现在参见图4，其中示出一个客户机设备的方框图。该客户机设备可以是多个便携式设备，例如移动电话、PDA、便携式计算机或者可以由与位于不同地理位置的另一个设备通信的用户所使用的任何其他设备。Referring now to FIG. 4, a block diagram of a client device is shown. The client device may be a number of portable devices such as a mobile phone, PDA, portable computer, or any other device that may be used by a user communicating with another device located in a different geographic location.

一旦一个人决定与一个远程服务器进行通信，则该人将具有与例如麦克风这样的客户机设备的接收器模块说话的选项。但是，该客户机设备对所捕获的人的语音信号400执行一系列操作。这些操作在图4中的功能块420和450中示出。在人的语音信号400上执行的操作通常可以被分为两种。在功能块422、424、426和428处表示的第一系列功能过程中，人的语音信号被经过一个处理，其中该人的语音信号被根据本领域所公知的方法转换为数字信号。然后，在功能块412处，该数字化的信号被显示给一个特征提取模块，其提取在该人的语音信号中存在的特征。这些特征可以表示在被定期测量的语音信号中的集中的能量，并且可以被表示为声音矢量的总和，例如在功能块428中所示为x1、x2、…、xT。但是，还可以提取本领域所公知的该声音信号的其他特征。Once a person decides to communicate with a remote server, that person will have the option of speaking into the receiver module of the client device, such as a microphone. However, the client device performs a series of operations on the captured human voice signal 400 . These operations are shown in functional blocks 420 and 450 in FIG. 4 . The operations performed on the human speech signal 400 can generally be divided into two types. In a first series of functional processes represented at functional blocks 422, 424, 426 and 428, a human speech signal is subjected to a process in which the human speech signal is converted to a digital signal according to methods known in the art. Then, at functional block 412, the digitized signal is presented to a feature extraction module, which extracts the features present in the person's speech signal. These features may represent the concentrated energy in the speech signal being measured periodically, and may be represented as a sum of sound vectors, eg shown in function block 428 as x1, x2, . . . , xT. However, other features of the sound signal known in the art may also be extracted.

在功能块450处，声音矢量x1、x2、…、xT被提供给一个声音处理器，其可以识别产生该x1、x2、…、xT声音矢量的语音。为了实现该任务，该声音处理器可以参考一个声音模型，其包含用于由使用该客户机设备的人以前发出的各种语音的声音矢量。该模型可以容易地由将最初使用该客户机设备的人所训练。例如，当第一次购买的人可以编程或训练该客户机设备。该设备可以具有一个“训练我(train me)”的开关，当该开关被激活时，将在其屏幕上闪现文字，提示用户对该文字发音。该设备例如可以根据特定的设计参数闪现文字、音素、音节、半音节或者任何字的其他单元。音标单元的选择对基于本发明的实施例的方法没有影响。At functional block 450, the sound vectors x1, x2, . To accomplish this task, the sound processor may refer to a sound model containing sound vectors for various speech sounds previously uttered by a person using the client device. The model can be easily trained by the person who will initially use the client device. For example, a person may program or train the client device when purchasing it for the first time. The device could have a "train me" switch that, when activated, would flash text on its screen prompting the user to pronounce the text. The device can, for example, flash words, phonemes, syllables, demisyllables or other units of any word according to certain design parameters. The selection of the phonetic symbol unit has no influence on the method based on the embodiment of the present invention.
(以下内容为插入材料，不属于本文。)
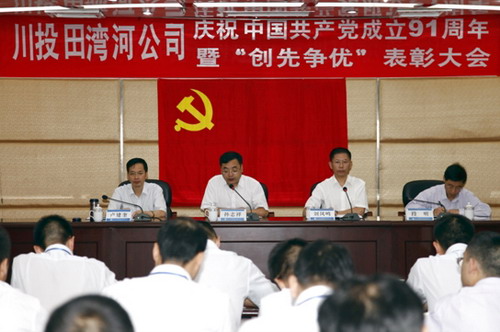7月1日,田灣河公司在電站現(xiàn)場(chǎng)208會(huì)議召開慶祝中國(guó)共產(chǎn)黨成立91周年暨“創(chuàng)先爭(zhēng)優(yōu)”表彰大會(huì),公司黨委書記、總經(jīng)理孫志祥,黨委副書記、紀(jì)委書記劉鳳鳴,紀(jì)委委員、副總經(jīng)理、電廠廠長(zhǎng)盧建奎,黨委委員、總經(jīng)理助理、行政管理部主任段明及公司全體黨員、入黨積極分子、群眾代表參加了會(huì)議。會(huì)議由劉鳳鳴主持。
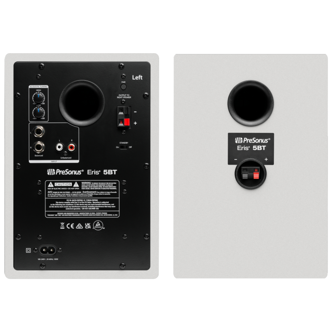 PreSonus® Eris® 5 BT referans monitörleri kablosuz olarak Bluetooth 5.0 veya arka paneldeki ¼ inç TRS ve RCA girişleri ile ve ön paneldeki ⅛ inç stereo line girişi ile neredeyse hemen her türlü ses kaynağına bağlanır. Ayrıca ön panelde kolay erişilebilir (ve yüksek sesli!) ⅛ inç stereo kulaklık jakı da bulunur; Bu girişe kulaklık takıldığında hoparlörlerden gelen ses kesilir.
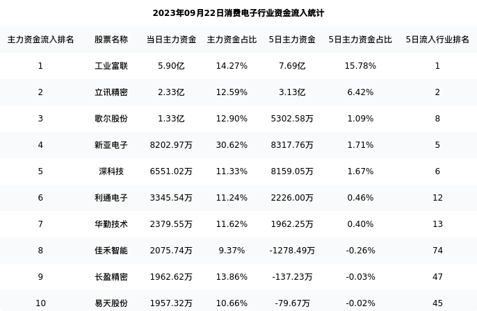 从主力资金流向来看,消费电子行业今日主力资金流入73.86亿元,在所有申万二级行业中排名:112/131。
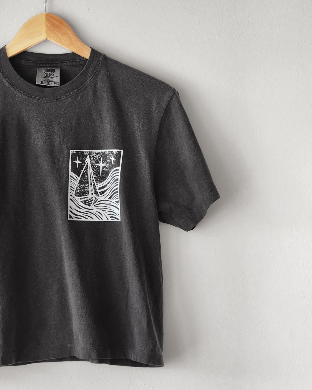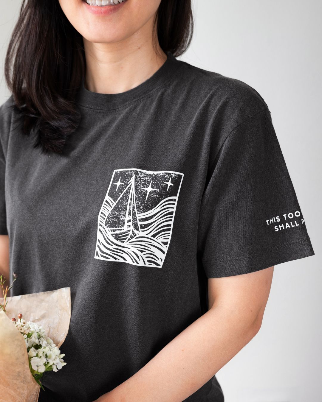 Embrace resilience and hope with our "This Too Shall Pass" Positive Vibes Tee. Featuring a hand-carved linocut design of a sailboat navigating a stormy ocean, this tee symbolizes strength and perseverance. The discreet affirmation on the sleeve, "This Too Shall Pass," offers a gentle reminder that tough times are temporary.
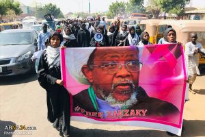 ويحملون صور زعيم الحركة الاسلامية الشيخ ابراهيم الزكزكي الذي تعتقله السلطات منذ أكثر من ثلاث سنوات دون وجه حق.
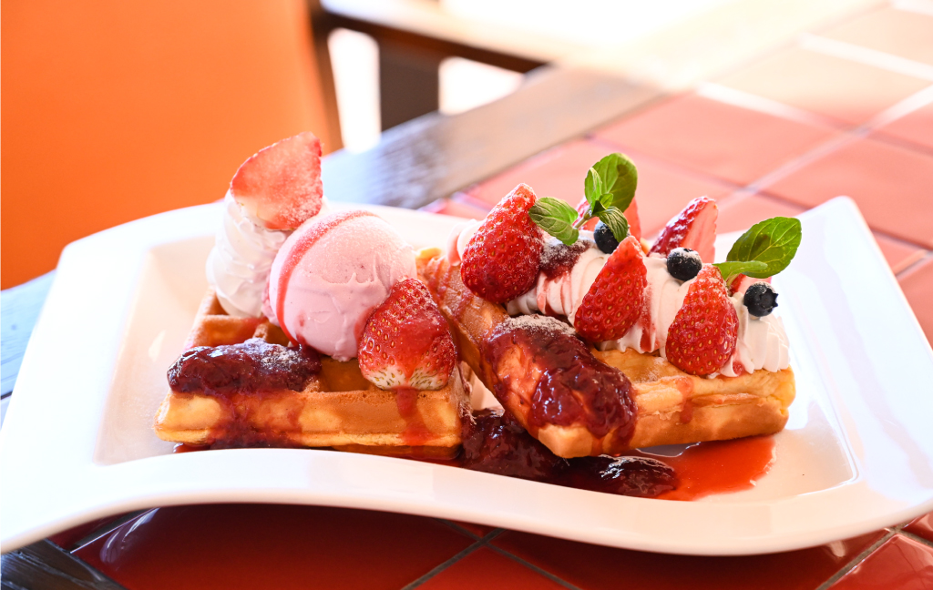 いちご、ホイップクリーム、アイスクリームをひとつに繋ぎ合わせるのが、ホームメイドのストロベリーソースだ。甘さ控えめでシンプルだからこそ、いちごのフレッシュさが存分に味わえる。旬のいちごは産地にはこだわらず、その時々の一番おいしい品種で構成する。
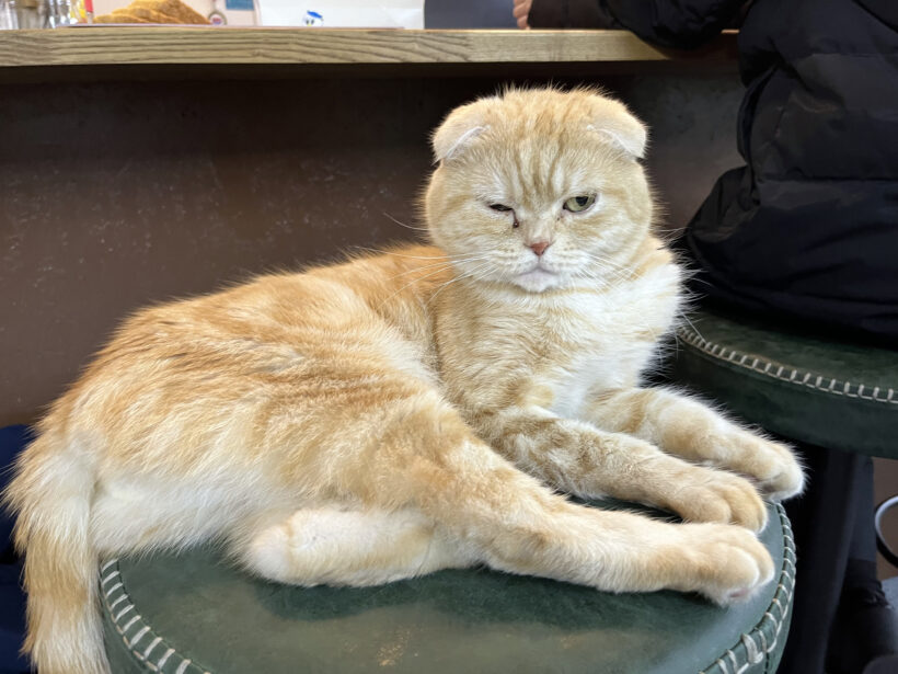 もう一匹の猫ちゃんはあまり人に近づかない感じ。ビリヤードをしているとたまに足元を横切っていたりしてビックリしますが、これがまためっちゃかわいいわけで。
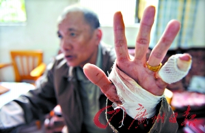 除了手被砍傷以外,洪叔的腰部也被劃傷,走路時一瘸一拐;貞浨巴戆l(fā)生的事情,洪叔和美姨都很后怕。洪叔說,當晚8點50分,美姨到洗手間沖涼,廳里只剩下他一人。十分鐘后,洪叔突然看到兩個身影閃進院內(nèi),還沒有等他反應(yīng)過來,一名男子捂住他的嘴巴,拿著西瓜刀說,“不要動,再動就捅死你!”另外一名男子則在屋內(nèi)到處翻找,洪叔拼命地掙扎反抗。
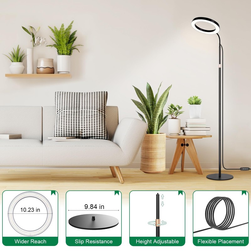 LBW 10.2in Grow Lights for Indoor Plants Full Spectrum with Stand, Floor Plant Growing Lamp for Large Plants, Auto ON/Off Timer 4/8/12H, 4 Dimmable Levels, 47.2-63 in Adjustable Height
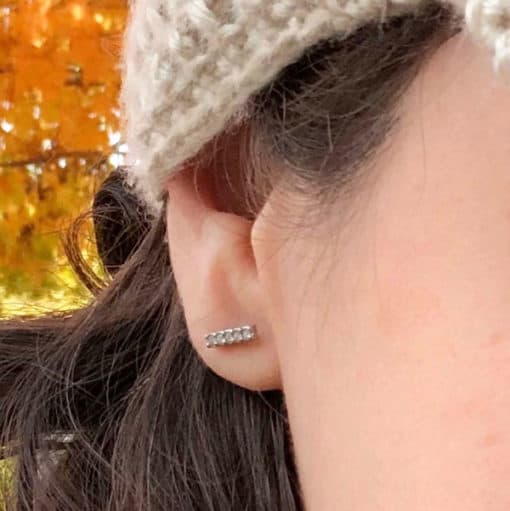 Be comfortable and stylish in ComfyEarrings. Featuring 5 Crystal Clear CZ gems and 316L Surgical Grade Stainless Steel bars, posts, and backs. Posts are standard width (18 gauge/1.0 mm). Length of post is 6.0 mm long, which is "one size fits most." If you're ordering for small ears, please request free clear spacers in the "order notes."
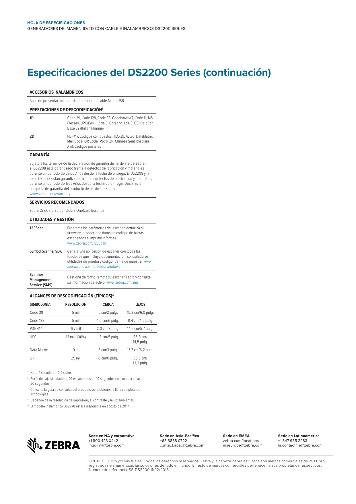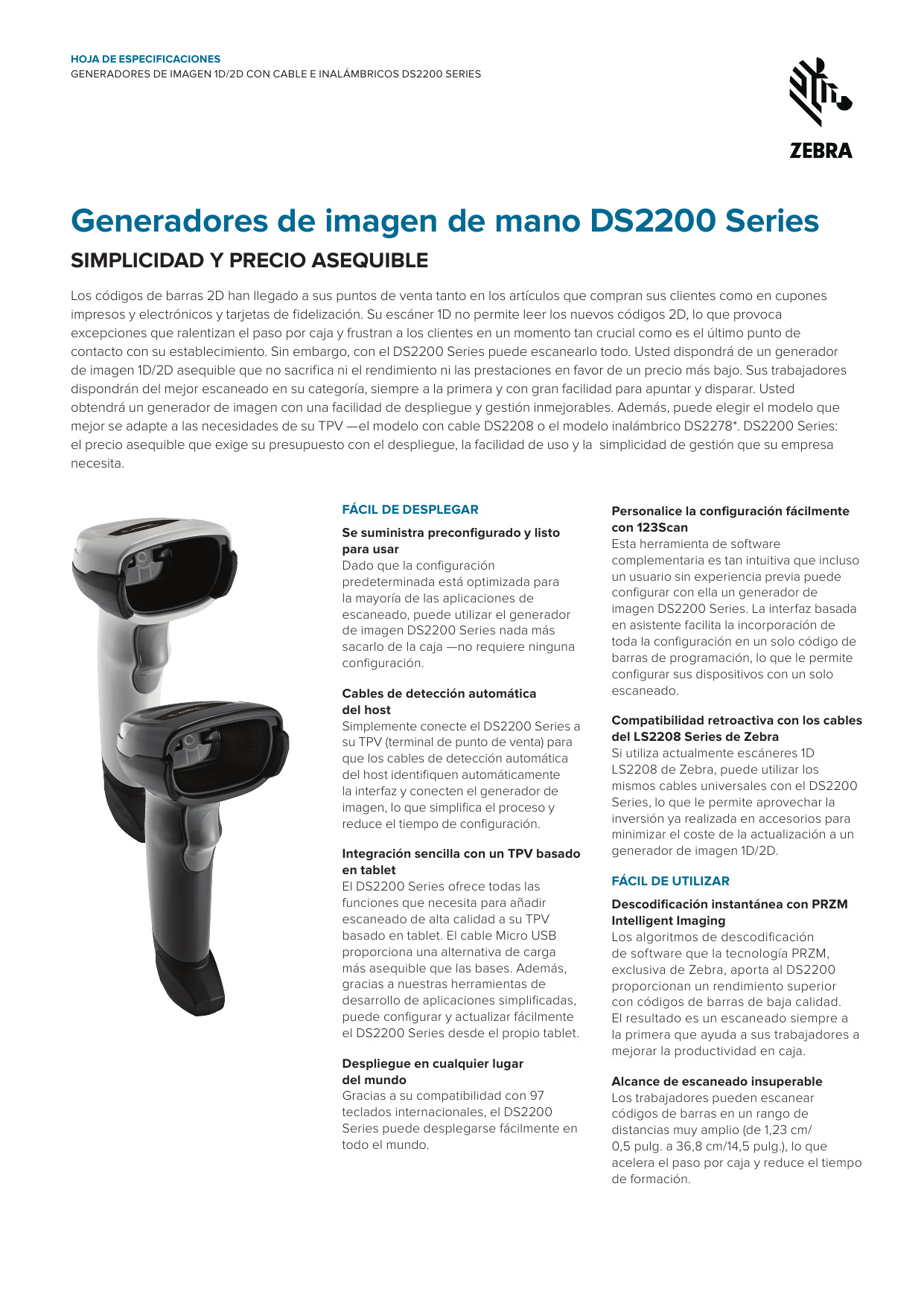 Opciones de modelo: DS2208 con cable o DS2278 inalámbrico

因此，例如该设备闪现单词“apple”，并且用户说出“apple”。该设备将例如通过麦克风捕获由该用户所说出的语音产生的语音信号。本领域的普通技术人员知道该信号是一个模拟信号，当在一个示波器上观看时，该信号可能类似于语音信号400。在捕获该信号之后，该声音处理器可以使用在功能块412、422、424、426和428的功能，以提取由说出单词“apple”的用户所产生的信号的特征，导致产生一组声音矢量。然后，该表达被与该单词“apple”的表示一同存储在一个数据库中。该处理可以一个单词接着一个单词地连续进行。显示给该设备的单词越多，则用于该用户或设备拥有者的声音模型越完整。一旦该模型被完成，则该设备被准备用于在功能块450出现的声音识别。So, for example, the device flashes the word "apple" and the user speaks "apple". The device will capture the voice signal produced by the user's spoken voice, for example through a microphone. Those of ordinary skill in the art know that this signal is an analog signal, which may resemble speech signal 400 when viewed on an oscilloscope. After capturing the signal, the sound processor may use the functions at functional blocks 412, 422, 424, 426, and 428 to extract features of the signal produced by the user speaking the word "apple," resulting in the generation of a set of sounds vector. This expression is then stored in a database along with the representation of the word "apple". This processing can be performed continuously word by word. The more words that are displayed to the device, the more complete the sound model for that user or device owner. Once the model is complete, the device is ready for voice recognition which occurs at functional block 450 .

该声音处理器现在负责识别所说出的语音的任务。它通过对包含被训练的声音模型的数据库进行搜索而完成该任务。在功能块446处，进行搜索，以发现用于该语音的一个或多个匹配。对所说出的单词的判断可以通过一个优化处理来实现。几种搜索处理方法已经被开发并且是本领域所公知的。例如，可以使用具有修改选项的一个定向搜索策略。另外，可以应用一个树词典或一次完成的算法。特定搜索策略的选择不影响或改变根据本发明的实施例的方法。The sound processor is now responsible for the task of recognizing spoken speech. It does this by searching a database containing trained sound models. At functional block 446, a search is performed to find one or more matches for the speech. The judgment of the spoken word can be realized through an optimization process. Several search processing methods have been developed and are known in the art. For example, a directed search strategy with modification options can be used. Alternatively, a dictionary of trees or a one-shot algorithm can be applied. The choice of a particular search strategy does not affect or alter the method according to embodiments of the present invention.

在功能块442处，包含声音模型的数据库被收集。本实施例的语音识别系统的训练阶段发生在该功能块处。在功能块444处，一个语言模型被考虑，以连接到在功能块446处使用的搜索策略。但是，在客户机方添加一个语言模型可以是一种设计选择。不必包含一个语言模型来实现根据本实施例的方法。At functional block 442, a database containing sound models is collected. The training phase of the speech recognition system of this embodiment occurs at this functional block. At functional block 444 , a language model is considered to link to the search strategy used at functional block 446 . However, adding a language model on the client side can be a design choice. It is not necessary to include a language model to implement the method according to this embodiment.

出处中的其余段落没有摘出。